SQL statements appear in the db.statement attribute. Connection strings are redacted. Slow queries show up in the trace with exact durations.

Custom Spans & Attributes

Auto-instrumentation covers framework code. Custom spans capture business logic. Add attributes to describe what the code does. Use semantic conventions when they exist. Record errors with status codes and exception events.

Naming Conventions

Name spans with a verb and noun: OrderService.CreateOrder, Inventory.CheckStock, Payment.Authorize. Use dot notation for hierarchy. Span names should be low-cardinality—don't include IDs or user-specific data.

Custom Span with Attributes
public async Task ValidateInventoryAsync(Guid orderId, List items)
{
    using var activity = ActivitySource.StartActivity(
        "Inventory.ValidateStock",
        ActivityKind.Internal);

    // Add semantic attributes (follow OpenTelemetry conventions)
    activity?.SetTag("order.id", orderId);
    activity?.SetTag("inventory.item_count", items.Count);

    foreach (var item in items)
    {
        // Record events for important milestones
        activity?.AddEvent(new ActivityEvent($"Checking stock for SKU {item.Sku}"));

        var available = await CheckStockAsync(item.Sku, item.Quantity);
        if (!available)
        {
            // Record error semantics
            activity?.SetStatus(ActivityStatusCode.Error, "Insufficient inventory");
            activity?.SetTag("inventory.failed_sku", item.Sku);
            return false;
        }
    }

    activity?.SetStatus(ActivityStatusCode.Ok);
    return true;
}

Error Recording

When an exception occurs, record it with RecordException() and set status to Error.
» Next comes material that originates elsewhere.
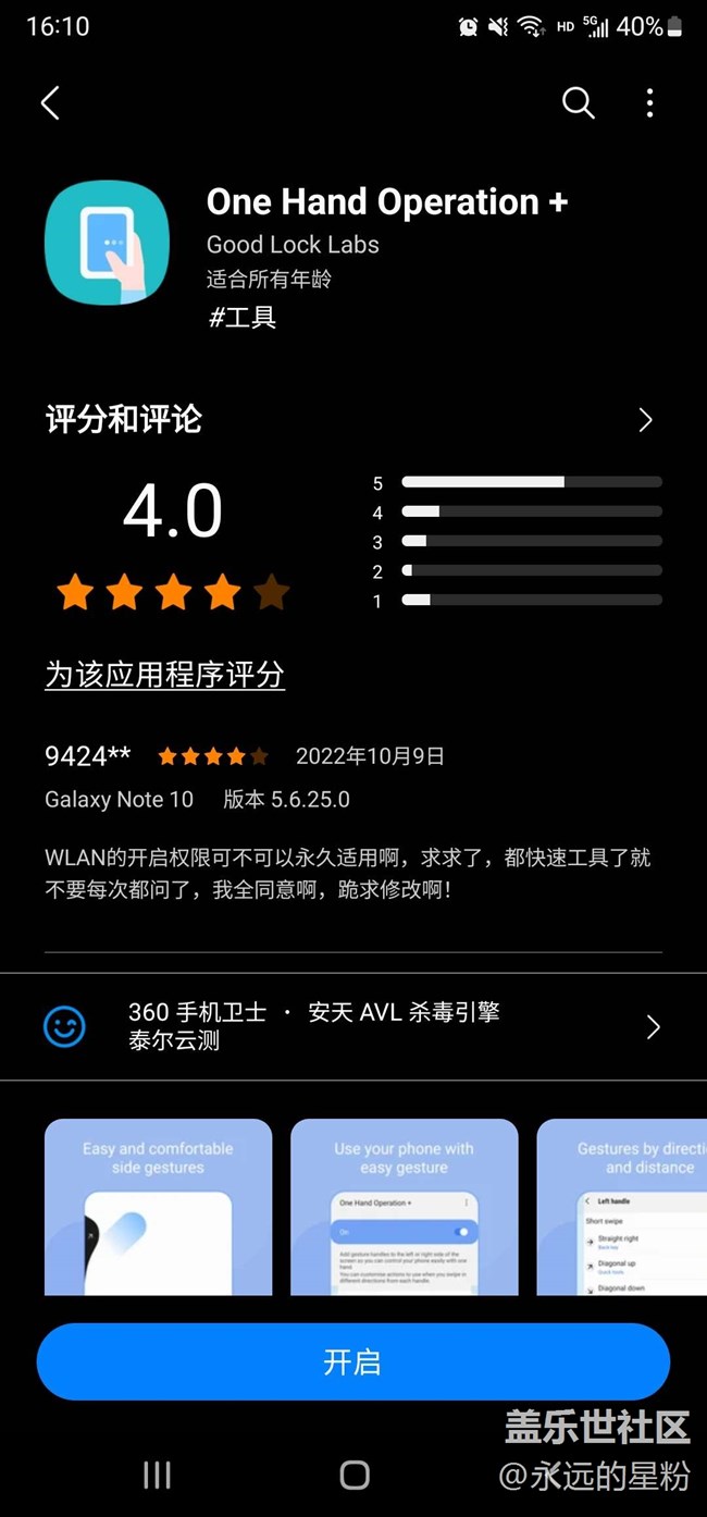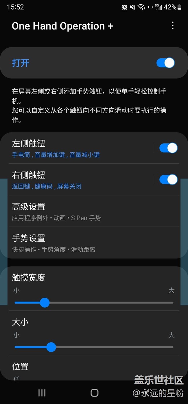 One Hand Operation+ 是一款專門為三星用戶打造的全面屏手勢軟件,這款軟件可以自定義手勢操作區(qū)域大小,提供了六種簡單的操作手勢,讓如今的大屏手機也能單手操作,提高了便捷性!三星這個插件可自定義手勢操作的區(qū)域大小,位置、滑動長度,共有六種手勢:橫向,斜上,斜下,都分長短兩種劃動。除了完全代替三個虛擬鍵以外,還可以一鍵鎖屏。更多操作請自行探索。通過此軟件與三星曲面?zhèn)绕料嗯浜希艽蟠筇岣卟僮餍省?/font>大家可以去三星應(yīng)用商店下載,讓你手機開啟一個新世紀(jì)
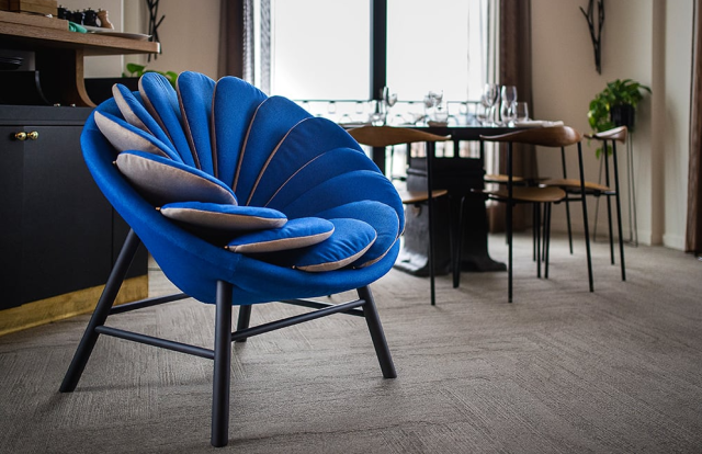第一眼看见这张椅子,没有谁不被它的美所惊艳。14片柔软舒适的双色软垫相互重叠在圆锥形的座椅框架中,像一朵明艳怒放的鲜花。

This marks the span red in Jaeger and lets you filter for errors in queries.

Exception Recording
public async Task ProcessOrderAsync(Guid orderId)
{
    using var activity = ActivitySource.StartActivity("ProcessOrder");
    activity?.SetTag("order.id", orderId);

    try
    {
        var order = await dbContext.Orders.FindAsync(orderId);
        if (order == null)
        {
            throw new OrderNotFoundException(orderId);
        }

        // Process order...
        activity?.SetStatus(ActivityStatusCode.Ok);
        return order;
    }
    catch (Exception ex)
    {
        // Record exception event with stack trace
        activity?.RecordException(ex);

        // Set span status to Error
        activity?.SetStatus(ActivityStatusCode.Error, ex.Message);

        // Re-throw to let middleware handle it
        throw;
    }
}

// Exception events appear in Jaeger with:
// - exception.type: OrderNotFoundException
// - exception.message: Order 123 not found
// - exception.stacktrace: (full stack trace)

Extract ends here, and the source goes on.